WHAT IS EXPECTED:
The copy must hold exactly the lines from the one with "Uitstroomprofiel BAG Bewegingsagogie" through the end of the listing below, and nothing else, with no pictures.

RECORDS FOR THIS EXERCISE:
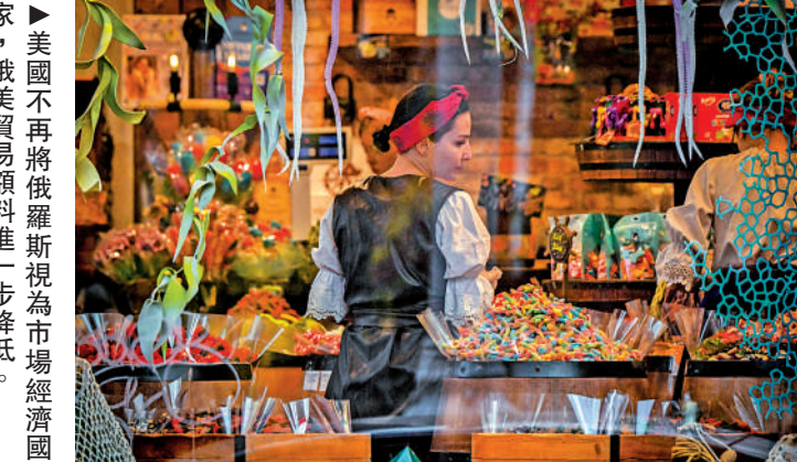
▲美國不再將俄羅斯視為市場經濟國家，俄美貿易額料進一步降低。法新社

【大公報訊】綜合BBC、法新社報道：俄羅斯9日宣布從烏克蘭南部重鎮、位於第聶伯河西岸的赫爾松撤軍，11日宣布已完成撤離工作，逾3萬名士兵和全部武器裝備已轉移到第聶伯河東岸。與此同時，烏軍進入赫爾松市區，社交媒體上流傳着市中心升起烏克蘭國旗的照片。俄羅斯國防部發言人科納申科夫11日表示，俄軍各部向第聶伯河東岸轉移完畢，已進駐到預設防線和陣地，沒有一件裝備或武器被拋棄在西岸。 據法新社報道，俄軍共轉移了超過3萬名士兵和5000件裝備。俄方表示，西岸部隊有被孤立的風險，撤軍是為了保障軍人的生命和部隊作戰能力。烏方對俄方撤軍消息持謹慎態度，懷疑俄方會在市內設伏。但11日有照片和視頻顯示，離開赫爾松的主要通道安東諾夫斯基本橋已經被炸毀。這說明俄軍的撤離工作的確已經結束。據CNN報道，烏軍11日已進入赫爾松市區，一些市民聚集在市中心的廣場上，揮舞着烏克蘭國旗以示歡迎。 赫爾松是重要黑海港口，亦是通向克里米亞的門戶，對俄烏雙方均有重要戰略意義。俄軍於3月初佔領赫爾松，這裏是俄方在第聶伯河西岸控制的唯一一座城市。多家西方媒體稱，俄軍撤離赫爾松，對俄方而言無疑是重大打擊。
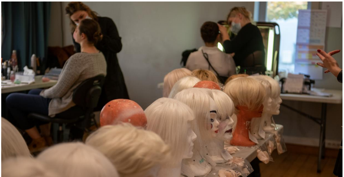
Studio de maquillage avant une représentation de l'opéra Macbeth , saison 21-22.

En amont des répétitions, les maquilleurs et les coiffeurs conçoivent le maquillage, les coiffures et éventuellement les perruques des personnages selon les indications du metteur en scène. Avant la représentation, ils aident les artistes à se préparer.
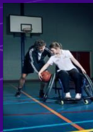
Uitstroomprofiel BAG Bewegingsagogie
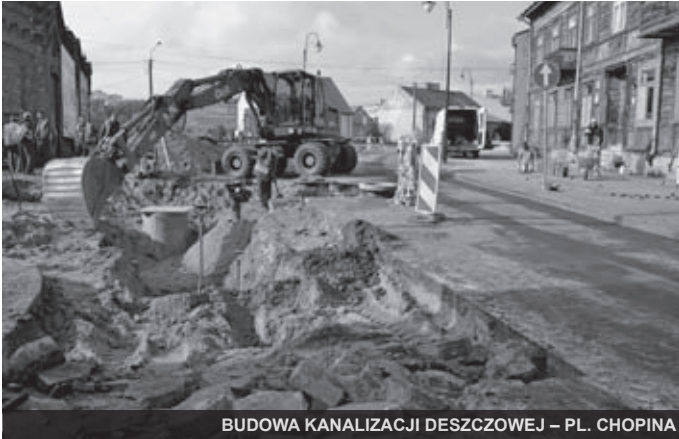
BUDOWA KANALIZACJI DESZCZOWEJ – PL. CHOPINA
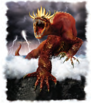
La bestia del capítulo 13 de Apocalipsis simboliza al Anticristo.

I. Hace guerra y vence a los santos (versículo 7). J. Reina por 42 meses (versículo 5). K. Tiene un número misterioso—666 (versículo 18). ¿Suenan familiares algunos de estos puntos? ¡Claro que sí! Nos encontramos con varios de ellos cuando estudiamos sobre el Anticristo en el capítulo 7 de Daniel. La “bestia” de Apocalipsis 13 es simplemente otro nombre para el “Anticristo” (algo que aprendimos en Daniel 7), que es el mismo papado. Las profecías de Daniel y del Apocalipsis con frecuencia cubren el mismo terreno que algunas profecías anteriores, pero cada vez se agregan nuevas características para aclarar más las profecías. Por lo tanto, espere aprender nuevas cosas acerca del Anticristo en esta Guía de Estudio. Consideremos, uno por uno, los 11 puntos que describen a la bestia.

TASK OUTPUT:
Uitstroomprofiel BAG Bewegingsagogie
BUDOWA KANALIZACJI DESZCZOWEJ – PL. CHOPINA
La bestia del capítulo 13 de Apocalipsis simboliza al Anticristo.

I. Hace guerra y vence a los santos (versículo 7). J. Reina por 42 meses (versículo 5). K. Tiene un número misterioso—666 (versículo 18). ¿Suenan familiares algunos de estos puntos? ¡Claro que sí! Nos encontramos con varios de ellos cuando estudiamos sobre el Anticristo en el capítulo 7 de Daniel. La “bestia” de Apocalipsis 13 es simplemente otro nombre para el “Anticristo” (algo que aprendimos en Daniel 7), que es el mismo papado. Las profecías de Daniel y del Apocalipsis con frecuencia cubren el mismo terreno que algunas profecías anteriores, pero cada vez se agregan nuevas características para aclarar más las profecías. Por lo tanto, espere aprender nuevas cosas acerca del Anticristo en esta Guía de Estudio. Consideremos, uno por uno, los 11 puntos que describen a la bestia.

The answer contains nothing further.